Selasa, 22 Juli 2014

Masih Mahal, Obat dan Tes HIV Baru Tetap Sulit Terjangkau

Melbourne, WHO memprediksi di tahun 2030, jumlah kasus HIV-AIDS akan menurun drastis seiring dengan makin terbukanya akses pengobatan bagi para penderita, terutama di negara-negara berkembang. Namun upaya ini bukannya tak menemui hambatan.

"Hampir 12 juta orang di negara-negara berkembang kini telah mendapat obat antiretroviral (ARV). Semakin banyak orang yang mendapat pengobatan lebih awal dan mereka perlu mendapat perawatan seumur hidupnya," ujar dr Jennifer Cohn dari organisasi kemanusiaan medis internasional, Medecins Sans Frontieres/Dokter Lintas Batas (MSF) saat menghadiri Konferensi AIDS Internasional di Melbourne.

Direktur Medis Kampanye Akses MSF tersebut menjelaskan ada dua macam perawatan tambahan untuk meningkatkan kualitas hidup penderita HIV-AIDS. Pertama, 'viral load testing' secara rutin.

Tes ini diklaim sebagai cara terbaik untuk memonitor efektivitas obat antiretroviral yang diberikan kepada pasien, dengan cara menghitung jumlah virus yang 'tersisa' dalam darah setelah diberi obat HIV. Dengan tes ini, dokter dapat melihat apakah pasien merespons pengobatan yang diberikan dengan baik atau tidak.

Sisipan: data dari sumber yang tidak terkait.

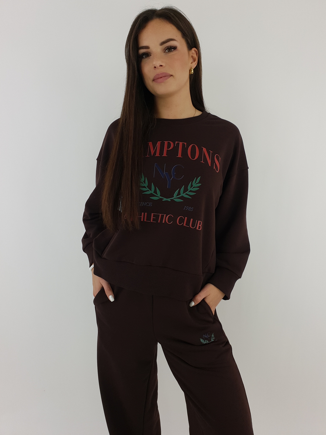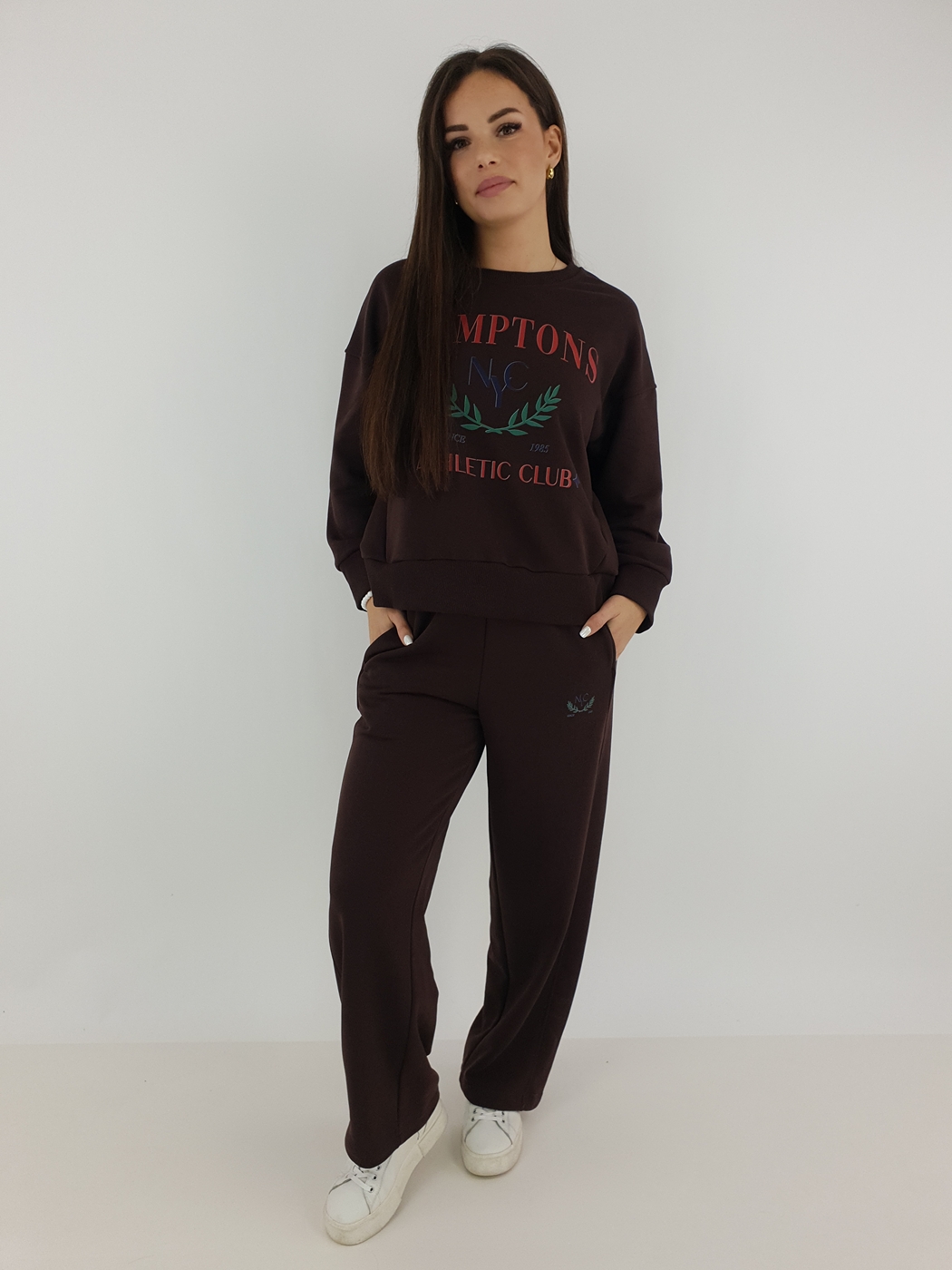 Komplet Dresowy Hamptons Z Prostą Nogawką Czekolada
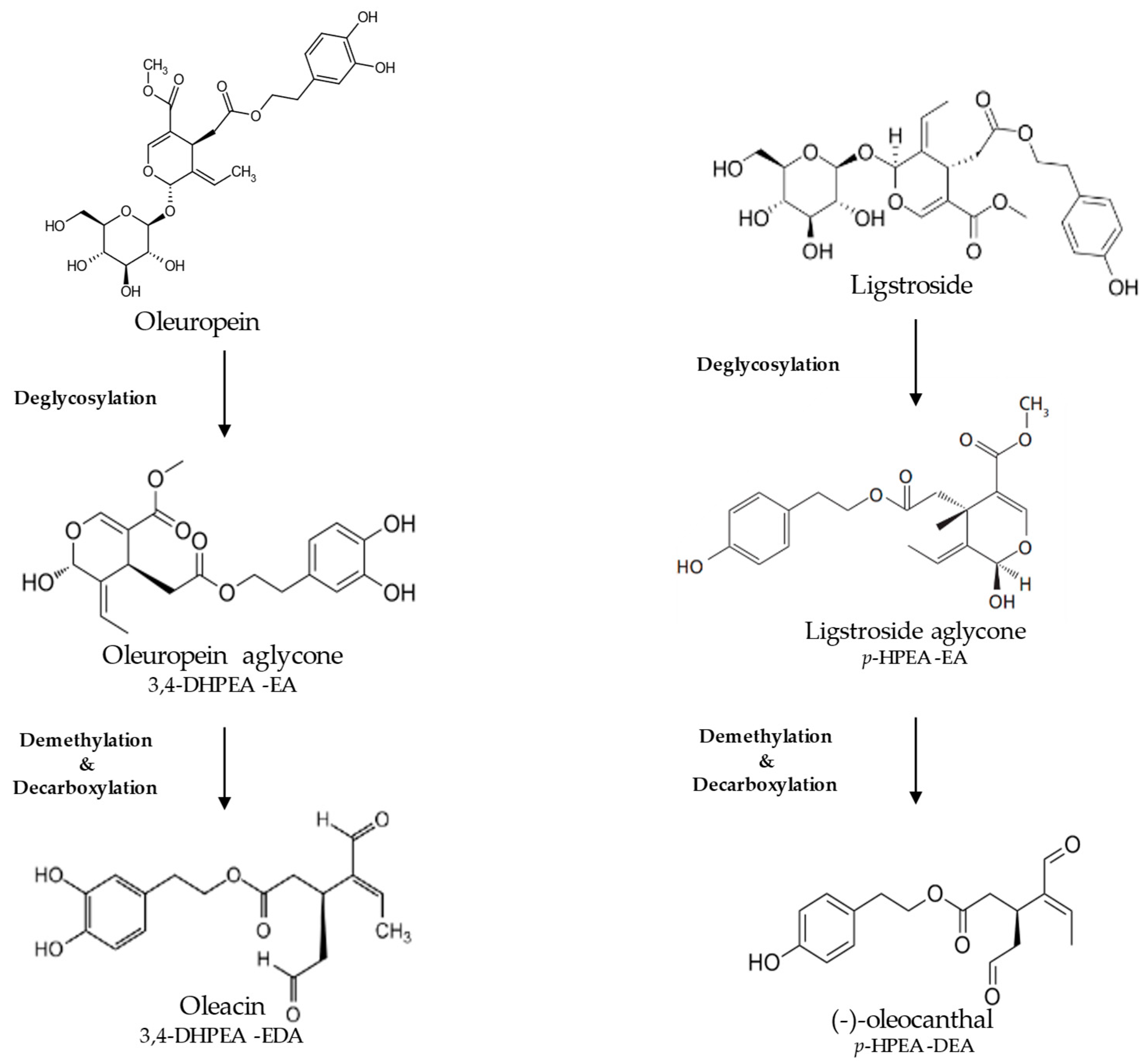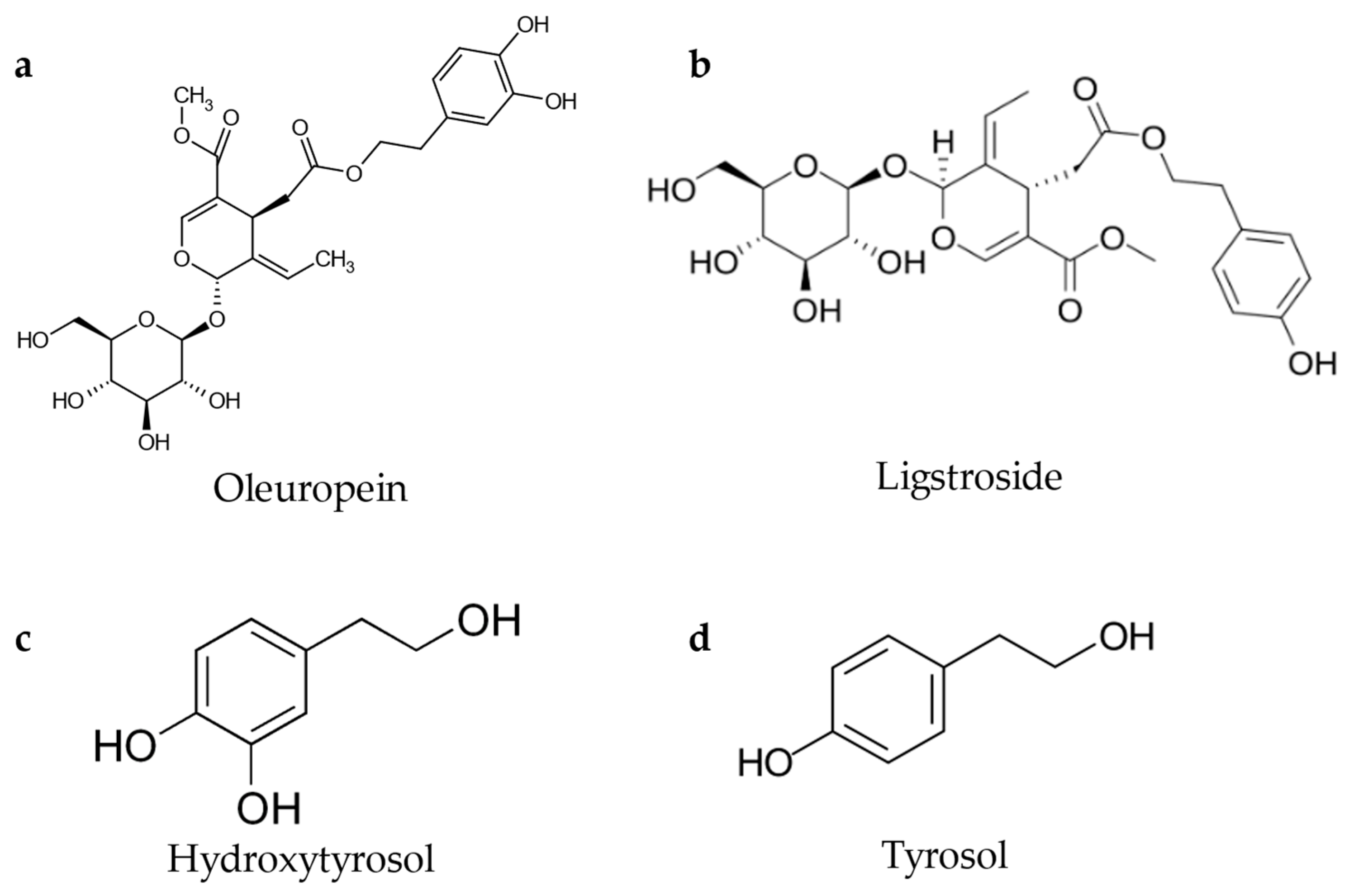 - Filardo, S.; Mattioli, R.; Di Risola, D.; Mosca, L.; Di Pietro, M.; Sessa, R. Olea europaea L-derived secoiridoids: Beneficial health effects and potential therapeutic approaches. Pharmacol. Ther. 2024, 254, 108595. [Google Scholar] [CrossRef] [PubMed]

"Hal ini bila ditambah dengan konseling dan dukungan akan membantu pasien agar bisa bertahan dengan obat lini pertama dalam waktu yang lebih lama," ungkap dr Cohn dalam rilis yang diterima detikHealth, Selasa (22/7/2014).

'Viral load monitoring' ini juga dikatakan lebih akurat dan lebih cepat mendeteksi apakah pasien butuh perawatan lini kedua atau lini ketiga andaikata pengobatan yang saat ini mereka dapatkan ternyata tak mampu bekerja dengan baik.

MSF juga melaporkan di sejumlah negara dengan jumlah kasus HIV-AIDS tertinggi di dunia seperti India, Kenya, Malawi, Afrika Selatan dan Zimbabwe sebenarnya 'viral load monitoring' sudah mulai diimplementasikan, meskipun belum dalam skala yang luas. Hanya saja menurut dr Cohn, kendalanya terletak pada biaya tes yang masih selangit.

"Kami tahu apa yang dibutuhkan untuk membantu memastikan virus HIV bisa ditekan hingga tak terdeteksi dan jumlahnya tetap bertahan di level itu. Tapi di sebagian besar daerah kerja kami, harganya tidak terjangkau," keluh dr Cohn.

Ini belum termasuk mahalnya harga obat-obatan yang dibutuhkan para pengidap HIV-AIDS, terutama obat lini kedua. Berdasarkan laporan tahunan MSF tentang harga obat-obatan untuk pasien HIV-AIDS yang bertajuk Untangling the Web of Antiretroviral Price Reductions, harga obat lini pertama dan sebagian obat lini kedua memang telah menurun dalam kurun 12 bulan terakhir. Sumber : Detik.com

Namun harga obat lini kedua masih dua kali lebih mahal dibandingkan obat lini pertama. Bahkan di beberapa negara dengan penduduk berpenghasilan menengah ke bawah, mereka rata-rata harus membayar 12 kali lebih mahal dari harga terendah.